Something like: "Hi Frank,

I've looked up the OIDs in the Cisco manual. Let's meet for lunch at burger
king tomorrow at noon.

S" yields only "Cisco" \- as a place. Well.

I know parsing natural language is hard. So keep up the good work and keep on
tweaking :-)

------
alistproducer2
This NLP is extremely naive. It's just a hard-coded dictionary lookup with
rudimentary English language syntax and structure recognition.

------
arihant
It is faster than some of the others I've tried. Good thing is, since it is
built to be basic and domain specific, the core should be kept as simple as it
is, and allow extensions to be built on top.

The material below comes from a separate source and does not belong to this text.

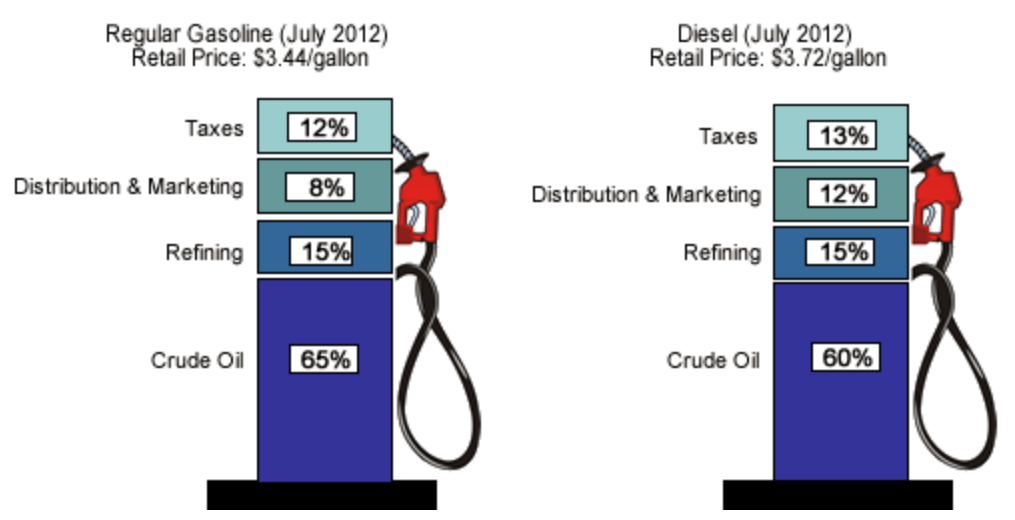 US gas and diesel prices July 2012 showing percentage source of costs.
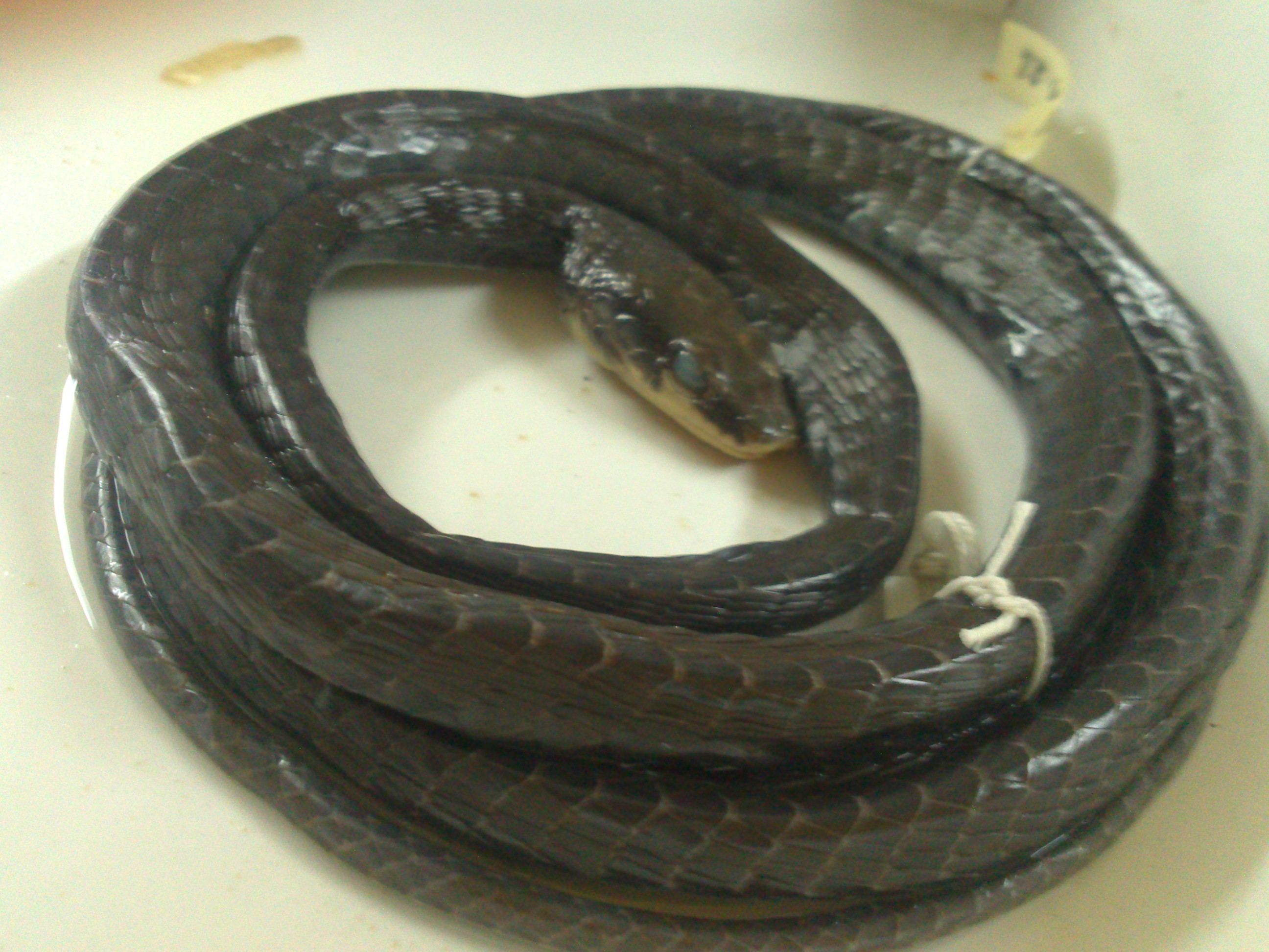 Nicobarese bronzeback tree snake in the specimens collection of the Bombay Natural History Society, Mumbai. Zoological name: Dendrelaphis humayuni. One of the taxa named for Humayun Abdulali, an Indian naturalist.

There are mess ups around sanity checks, but looking at their source it's
actually trivial to fix. Forking it, I hope they accept community pull
requests.

------
elcct
At thirst I was scared to click, because I though it is going to program me
neurolinguistically to use Knwl.js whatever that is.

------
n8m
I like it. I wonder if it would work with mixed in Markdown annotation.

------
esamek
These two sentences were not parseable: "What if we head to Rockville and buy
Daniel a beer or 2. May you fetch me a bottle of water?"

------
talleyrand
Can someone explain to me how that demo matches "Chicago"? From the source
provided, I don't see how that is possible.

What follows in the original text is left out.